The calculation is easy apart from the rectifier, and this needs reference to the characteristic curves and is not easy to work out. For small power levels, the rectifier will lose a much of the available energy in its resistance, and is really the weak link. That is why I suggest trying to use an antenna which gives the highest voltage so that the rectifier is more efficient.

 

[rbelli1]

The antenna needs to receive about 1/4 of the energy emitted by the base station. I was asking about distance so someone could calculate the minimum size of the antenna that would be effective for that. I would guess that it would be anywhere from unreasonably to impossibly large.

BoB

 

[sophiecentaur]

The calculation is easy apart from the rectifier

OK. Do the calculation, assuming the rectifier is ideal. How much power is the system going to yield? How long would it take to charge a cellphone battery? Very likely, the charger could not keep up with the quiescent requirements of the phone on standby. Just divide your source of 0.5W by more than 1000 (optimistic for a path loss) and divide by your battery volts. That will give you the most charging current you could expect. Assume that phone battery will be about 1000mAh capacity.
The "weak link" is the reality of the situation.
I have asked this question in the past: Can you find such a system to buy on the Internet? Ask yourself why not.

 

[RFDiagnostics]

The RFD102A is a broadband RF-DC converter that can be used for your application. The module works from 60Hz...6GHz. I agree with the other posters that there is not a lot of wireless power to be harvested out there and that any wireless energy harvesting system needs to be designed with a wireless source in mind. The strongest source of energy is a microwave oven and to get useful power you need to be within inches of the microwave near the door seam or the vents on the side. WiFi is too weak unless you are next to the router or if you have some custom code to get the router to transmit on all channels. One option to try with your system is to get an RFD102A-DET that is optimized for 2.5GHz and trim the wire dipole in half to get to 5GHz and then do minitrims to center the frequency response at 5.8GHz.

 

[sophiecentaur]

Trimming a dipole to get optimum match will help you by a few dB only. 'Harvesting', to be any earthly use, would need a gain of at least 30dB. You are talking in terms of an array / dish of several metres diameter and not a dipole. That's unless your dipole is in the near field of the source. (Contactless Charging country.)

 

[sophiecentaur]

The strongest source of energy is a microwave oven and to get useful power you need to be within inches of the microwave near the door seam or the vents on the side.

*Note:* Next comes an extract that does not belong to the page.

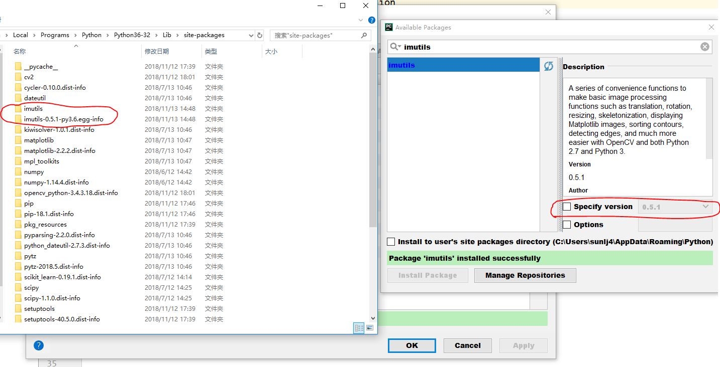 如果要安装opencv,只需要输入opencv-python即可。如安装了模块imutils后,在site-packages文件夹下会增加该模块,如下图。

My Microwave oven is probably running for an average of 10 minutes a day. How much total energy, leaked to the outside world does that represent? You really need to get real in discussions like this one (which, to my mind, border on the surreal).
If you can get that close to your microwave oven, then buy a mains splitter and use that other mains outlet for as much energy as you want. It won't be free but it is certainly easy to access and the necessary equipment would be cheap and readily available.